Following the FOMC’s monetary policy pronouncement on Wednesday, anti-fiat gold prices have risen in the last 24 hours. As expected, the central bank kept benchmark lending rates and the pace of quantitative easing constant. The US Dollar and Treasury yields fell as a result of the statement’s specifics and Chair Jerome Powell’s news conference.
Given that XAU/USD is a non-yielding asset, it tends to benefit when both of the latter are declining. The Fed elicited a kneejerk reaction. The central bank stated that the economy had progressed toward its maximum employment and price stability goals, which initially frightened markets. Policymakers have stated that they are on the verge of tapering.
However, the attitude immediately changed as it became evident that the central bank is still very dovish. Powell stated that significant further development in the job market is still a long way off. Inflation, he repeated, is just temporary. Treasury yields fell sharply as his remarks appeared to imply that tapering is still a ways off, causing the drachma to rise. Over the next 24 hours, the first estimate of US second-quarter GDP will be released. Annualized increase will be 8.5 percent q/q, up from 6.4 percent the previous quarter. Since April, Atlanta’s Fed GDPNow Q2 real growth estimate has been going lower, and it now stands at 6.4 percent. A weaker-than-expected result could add to the central bank’s hesitancy. If bond rates continue to fall as a result of this, gold could continue to rise.

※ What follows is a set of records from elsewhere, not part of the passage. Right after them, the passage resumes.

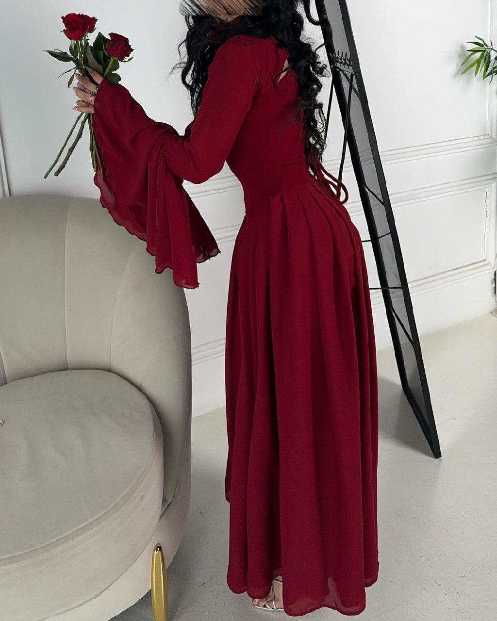 يُنصح بعدم استخدام المكواة بحرارة عالية على الفستان،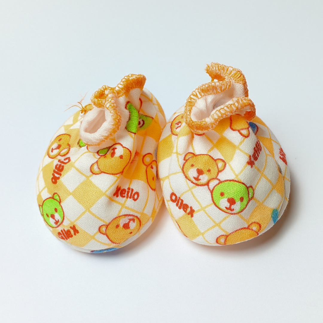 This set of 2 baby booties, featuring charming blue and orange bear designs, is expertly crafted for both baby boys and girls. Made from soft, breathable cotton, these booties provide gentle warmth and comfort while protecting delicate feet. Their snug fit supports natural movement, making them a practical and adorable choice for everyday wear.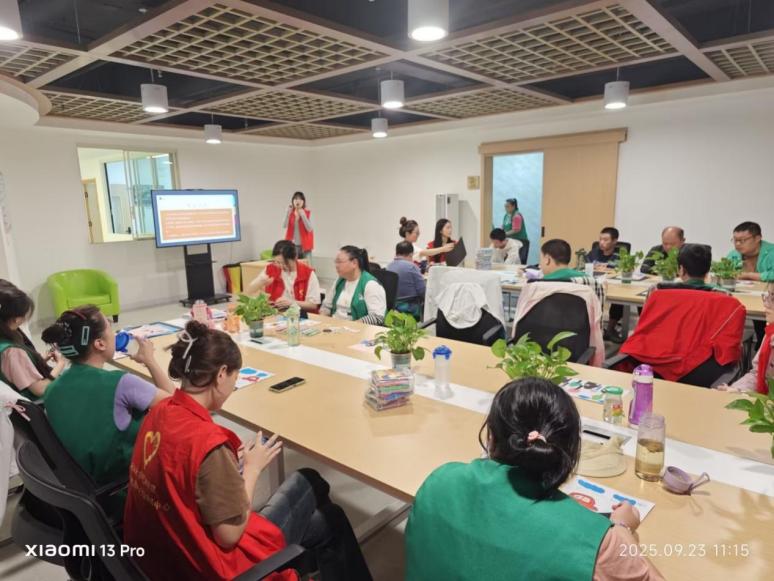 活動(dòng)伊始,志愿者們采用了“一對(duì)一”的貼心陪伴模式。他們不僅是小老師,更是耐心的傾聽(tīng)者和協(xié)助者。對(duì)于行動(dòng)不便的參與者,志愿者會(huì)細(xì)心幫其固定畫(huà)紙、調(diào)換顏料,并用生動(dòng)的語(yǔ)言描述秋日的色彩與形態(tài),引導(dǎo)他們?nèi)ジ惺懿煌螤畹臉?shù)葉模型,用心去“看見(jiàn)”秋天。在創(chuàng)作過(guò)程中,志愿者們也適時(shí)介紹垃圾分類(lèi)知識(shí),例如將落葉歸類(lèi)為廚余垃圾,廢棄畫(huà)筆、顏料包裝等歸類(lèi)為其他垃圾或可回收物,讓環(huán)保理念在輕松互動(dòng)中深入人心。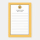 A modern trendy lined notepad with a minimalist design with a stylised monogram medallion. Custom name or custom text presented on a simple white background, framed by a bright mustard yellow border. Personalise using the fields provided or use the 'message' button to contact the designer for help.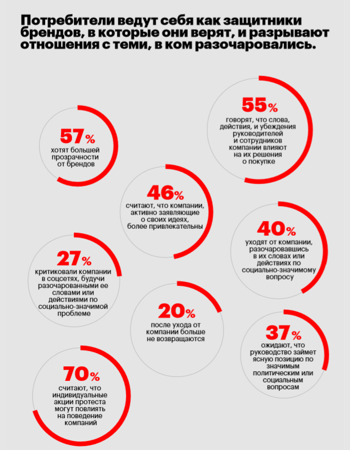 «Многие компании, побоявшиеся открыто защищать свои принципы из-за инертности или страха общественного резонанса, уступили конкурентам», — отмечается в исследовании.

On the 4-hour chart below, gold prices recently penetrated a near-term falling trendline from earlier this month, indicating that they may be poised to extend current advances. This comes after a period of bullish RSI divergence, indicating that the downward momentum was receding. If prices continue to rise, they may reach their all-time high of 1834 on July 15th. XAU/USD would then rise above the 200-period Simple Moving Average.